Below are entries with pictures among them; reproduce exactly, and only, the lines from the one containing "Human silhouette with" down to the one containing "سوشل میڈیا پر", without the pictures.

*** Source data Section Begins ***

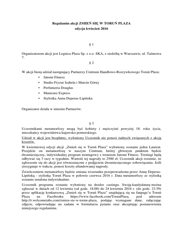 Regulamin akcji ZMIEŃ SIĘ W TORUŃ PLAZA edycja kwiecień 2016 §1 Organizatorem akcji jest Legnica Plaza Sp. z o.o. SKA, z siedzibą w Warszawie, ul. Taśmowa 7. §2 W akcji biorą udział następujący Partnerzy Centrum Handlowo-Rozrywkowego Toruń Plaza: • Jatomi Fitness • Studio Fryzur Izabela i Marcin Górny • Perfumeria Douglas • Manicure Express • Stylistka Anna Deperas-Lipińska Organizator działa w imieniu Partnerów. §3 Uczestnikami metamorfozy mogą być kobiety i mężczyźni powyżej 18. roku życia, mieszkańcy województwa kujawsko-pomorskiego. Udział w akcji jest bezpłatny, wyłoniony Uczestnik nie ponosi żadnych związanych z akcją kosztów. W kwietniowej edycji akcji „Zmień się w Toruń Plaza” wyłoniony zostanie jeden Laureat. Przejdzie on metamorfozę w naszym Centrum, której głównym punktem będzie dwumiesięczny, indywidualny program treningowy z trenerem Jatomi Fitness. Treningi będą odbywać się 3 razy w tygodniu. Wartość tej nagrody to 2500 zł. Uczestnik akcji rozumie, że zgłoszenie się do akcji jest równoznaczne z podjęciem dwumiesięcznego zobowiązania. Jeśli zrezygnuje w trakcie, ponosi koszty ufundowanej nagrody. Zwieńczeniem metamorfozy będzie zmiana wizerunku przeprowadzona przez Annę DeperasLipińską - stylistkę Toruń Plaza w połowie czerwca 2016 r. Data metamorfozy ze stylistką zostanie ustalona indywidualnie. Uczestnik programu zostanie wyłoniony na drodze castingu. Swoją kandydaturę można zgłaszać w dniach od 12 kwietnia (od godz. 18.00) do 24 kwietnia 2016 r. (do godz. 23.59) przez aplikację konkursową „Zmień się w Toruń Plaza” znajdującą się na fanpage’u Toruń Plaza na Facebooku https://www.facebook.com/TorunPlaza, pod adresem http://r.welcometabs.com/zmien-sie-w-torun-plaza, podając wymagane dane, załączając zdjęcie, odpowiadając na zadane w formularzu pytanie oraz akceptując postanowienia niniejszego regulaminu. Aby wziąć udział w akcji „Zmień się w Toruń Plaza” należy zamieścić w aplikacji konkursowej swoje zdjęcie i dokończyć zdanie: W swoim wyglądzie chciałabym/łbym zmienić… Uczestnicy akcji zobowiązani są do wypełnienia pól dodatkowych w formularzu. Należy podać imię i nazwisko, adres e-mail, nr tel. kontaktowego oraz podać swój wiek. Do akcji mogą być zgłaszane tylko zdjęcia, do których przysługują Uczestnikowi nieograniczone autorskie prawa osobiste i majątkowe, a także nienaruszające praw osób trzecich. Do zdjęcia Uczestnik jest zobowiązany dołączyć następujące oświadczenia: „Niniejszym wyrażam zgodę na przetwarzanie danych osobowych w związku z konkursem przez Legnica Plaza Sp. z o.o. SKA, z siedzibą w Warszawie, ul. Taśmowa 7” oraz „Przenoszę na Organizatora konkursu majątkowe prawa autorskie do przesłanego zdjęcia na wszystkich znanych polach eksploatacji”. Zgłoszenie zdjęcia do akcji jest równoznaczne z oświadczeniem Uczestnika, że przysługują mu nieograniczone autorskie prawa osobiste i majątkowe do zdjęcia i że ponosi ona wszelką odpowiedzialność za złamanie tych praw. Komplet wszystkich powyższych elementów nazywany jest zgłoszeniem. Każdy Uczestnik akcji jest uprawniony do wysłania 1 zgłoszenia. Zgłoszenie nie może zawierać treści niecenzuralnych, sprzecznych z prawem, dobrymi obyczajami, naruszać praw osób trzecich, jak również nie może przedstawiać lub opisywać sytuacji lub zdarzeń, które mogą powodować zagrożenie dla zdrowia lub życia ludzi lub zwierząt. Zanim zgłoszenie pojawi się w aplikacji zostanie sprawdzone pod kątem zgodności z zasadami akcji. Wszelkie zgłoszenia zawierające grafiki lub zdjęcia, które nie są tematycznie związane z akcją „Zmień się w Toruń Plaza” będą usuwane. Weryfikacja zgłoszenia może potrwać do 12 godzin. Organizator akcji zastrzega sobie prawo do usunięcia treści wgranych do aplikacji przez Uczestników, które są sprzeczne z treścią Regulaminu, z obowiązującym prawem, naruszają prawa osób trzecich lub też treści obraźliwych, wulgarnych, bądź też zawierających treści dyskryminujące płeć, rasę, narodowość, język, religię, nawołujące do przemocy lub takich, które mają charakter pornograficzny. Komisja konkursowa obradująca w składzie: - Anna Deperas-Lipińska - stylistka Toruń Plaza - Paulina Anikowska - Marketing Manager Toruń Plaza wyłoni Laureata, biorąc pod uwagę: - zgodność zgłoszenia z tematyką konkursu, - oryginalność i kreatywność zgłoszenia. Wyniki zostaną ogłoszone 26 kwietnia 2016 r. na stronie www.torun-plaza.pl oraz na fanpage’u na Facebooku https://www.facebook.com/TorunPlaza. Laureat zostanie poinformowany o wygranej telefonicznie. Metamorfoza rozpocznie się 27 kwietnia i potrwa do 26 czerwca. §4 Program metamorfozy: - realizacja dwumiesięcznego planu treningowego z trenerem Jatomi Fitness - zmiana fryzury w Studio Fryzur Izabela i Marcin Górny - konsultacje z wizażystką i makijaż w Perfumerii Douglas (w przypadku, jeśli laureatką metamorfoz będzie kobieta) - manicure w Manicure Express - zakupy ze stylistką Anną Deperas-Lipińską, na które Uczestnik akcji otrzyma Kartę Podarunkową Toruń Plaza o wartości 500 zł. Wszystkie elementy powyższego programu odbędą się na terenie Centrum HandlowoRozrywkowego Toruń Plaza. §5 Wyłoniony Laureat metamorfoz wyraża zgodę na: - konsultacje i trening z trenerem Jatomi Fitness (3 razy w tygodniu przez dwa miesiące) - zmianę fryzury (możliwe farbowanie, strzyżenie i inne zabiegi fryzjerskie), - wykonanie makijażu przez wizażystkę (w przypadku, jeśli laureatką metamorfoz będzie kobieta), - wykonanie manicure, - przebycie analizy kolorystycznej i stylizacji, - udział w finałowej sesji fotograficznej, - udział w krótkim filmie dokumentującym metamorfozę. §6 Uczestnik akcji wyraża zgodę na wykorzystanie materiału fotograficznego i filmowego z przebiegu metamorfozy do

*** Source data Section Ends ***
*** Source data Section Begins ***

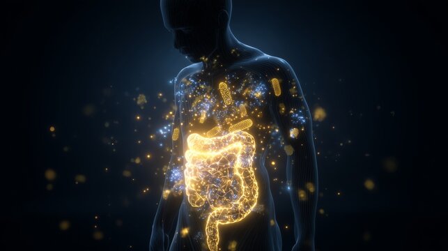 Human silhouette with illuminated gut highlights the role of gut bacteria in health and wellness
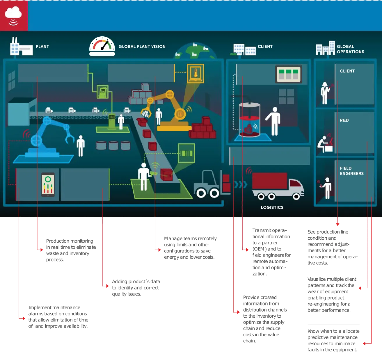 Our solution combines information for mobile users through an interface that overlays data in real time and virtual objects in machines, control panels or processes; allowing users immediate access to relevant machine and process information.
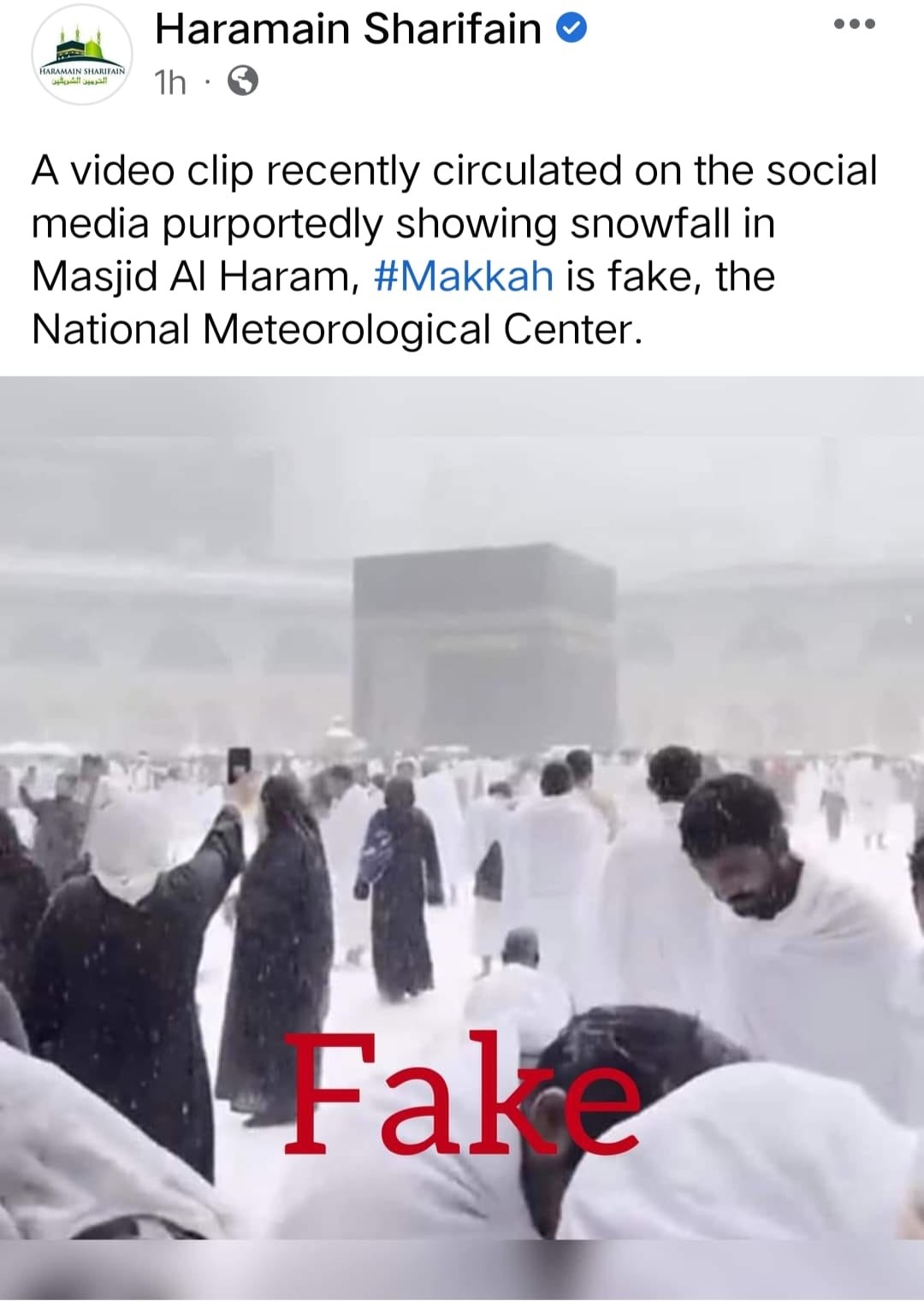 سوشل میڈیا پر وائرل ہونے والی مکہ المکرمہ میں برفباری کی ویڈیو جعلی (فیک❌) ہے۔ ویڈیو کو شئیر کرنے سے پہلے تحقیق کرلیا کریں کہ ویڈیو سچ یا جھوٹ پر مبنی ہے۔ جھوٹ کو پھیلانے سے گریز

*** Source data Section Ends ***

§ **Task result**
 Human silhouette with illuminated gut highlights the role of gut bacteria in health and wellness
 Our solution combines information for mobile users through an interface that overlays data in real time and virtual objects in machines, control panels or processes; allowing users immediate access to relevant machine and process information.
 سوشل میڈیا پر وائرل ہونے والی مکہ المکرمہ میں برفباری کی ویڈیو جعلی (فیک❌) ہے۔ ویڈیو کو شئیر کرنے سے پہلے تحقیق کرلیا کریں کہ ویڈیو سچ یا جھوٹ پر مبنی ہے۔ جھوٹ کو پھیلانے سے گریز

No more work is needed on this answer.